Personal information
- Full name: Iago Indias Fernández
- Date of birth: 3 January 1996 (age 30)
- Place of birth: Vigo, Spain
- Height: 1.74 m (5 ft 9 in)
- Position: Centre back

Team information
- Current team: Ibiza
- Number: 18

Youth career
- Sant Andreu de la Barca
- 2009–2010: Santboià
- 2010–2015: Espanyol

Senior career*
- Years: Team / Apps / (Gls)
- 2014–2020: Espanyol B / 134 / (4)
- 2020–2021: Castellón / 22 / (0)
- 2021–2022: Sabadell / 26 / (1)
- 2022–2024: Castellón / 56 / (3)
- 2024–: Ibiza / 57 / (2)

= Iago Indias =

Spanish footballer

Iago Indias Fernández (born 3 January 1996) is a Spanish professional footballer who plays for UD Ibiza. Mainly a central defender, he can also play as a right back.

==Club career==
Born in Vigo, Galicia, Indias represented CF Sant Andreu de la Barca and FC Santboià before joining RCD Espanyol's youth setup in 2010. He made his senior debut with the reserves on 8 November 2014, coming on as a late substitute for goalscorer Jairo Morillas in a 2–0 Segunda División B home win against Gimnàstic de Tarragona.
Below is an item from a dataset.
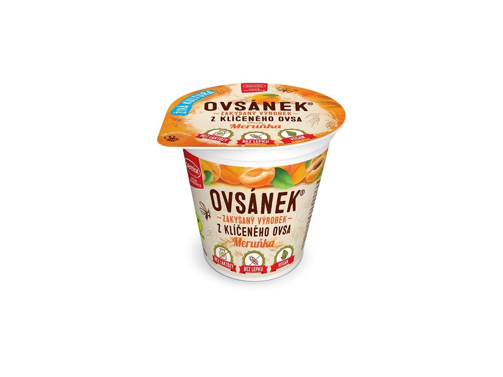 Ovsánek je celozrnný zakysaný výrobek z klíčeného ovsa. Vypadá jako jogurt, ale jogurt to není. Je to něco lepšího! Obsahuje živé kultury bakterií, které vydrží ve výrobku po celou dobu jeho trvanlivosti. Přidaný cukr je pouze součástí ochucující ovocné báze. Ovsánek je hutný a skvěle zasytí. Za táhlou konzistenci vděčíme ovesným betaglukanům. Složení: pitná voda, vločky z naklíčeného OVSA bez lepku 25 % (obsah lepku max. 20 mg/kg), inulin, meruňkový koncentrát 0,5%, přírodní aroma, barvivo: paprikový extrakt, jogurtová kultura. Výživové údaje na 100g: energie 453kJ/108kcal, tuky 1,5g z toho nasycené mastné kyseliny 0,3g, sacharidy 18g z toho cukry_10g, vláknina 3,5g, bílkoviny_4g, sůl 0,07g, Betaglukany 0,9g EAN: 8595674910387 TENTO PRODUKT NELZE POSÍLAT PŘEPRAVNÍ SLUŽBOU, VYŽADUJE CHLAZENÉ PROSTŘEDÍ, ALE LZE VYZVEDNOUT NA PRODEJNĚ NEBO VYUŽÍT NAŠEHO ROZVOZU ŽĎÁR A OKOLÍ.Doplňkové parametry

Indias scored his first senior goal on 10 March 2019, netting the opener in a 4–0 home routing of UB Conquense. On 7 June, he renewed his contract until 2021.

Indias terminated his contract with the Pericos on 24 August 2020, and signed a two-year contract with Segunda División newcomers CD Castellón just hours later. He made his professional debut on 7 December, replacing Marc Mateu in a 1–3 away loss against RCD Mallorca.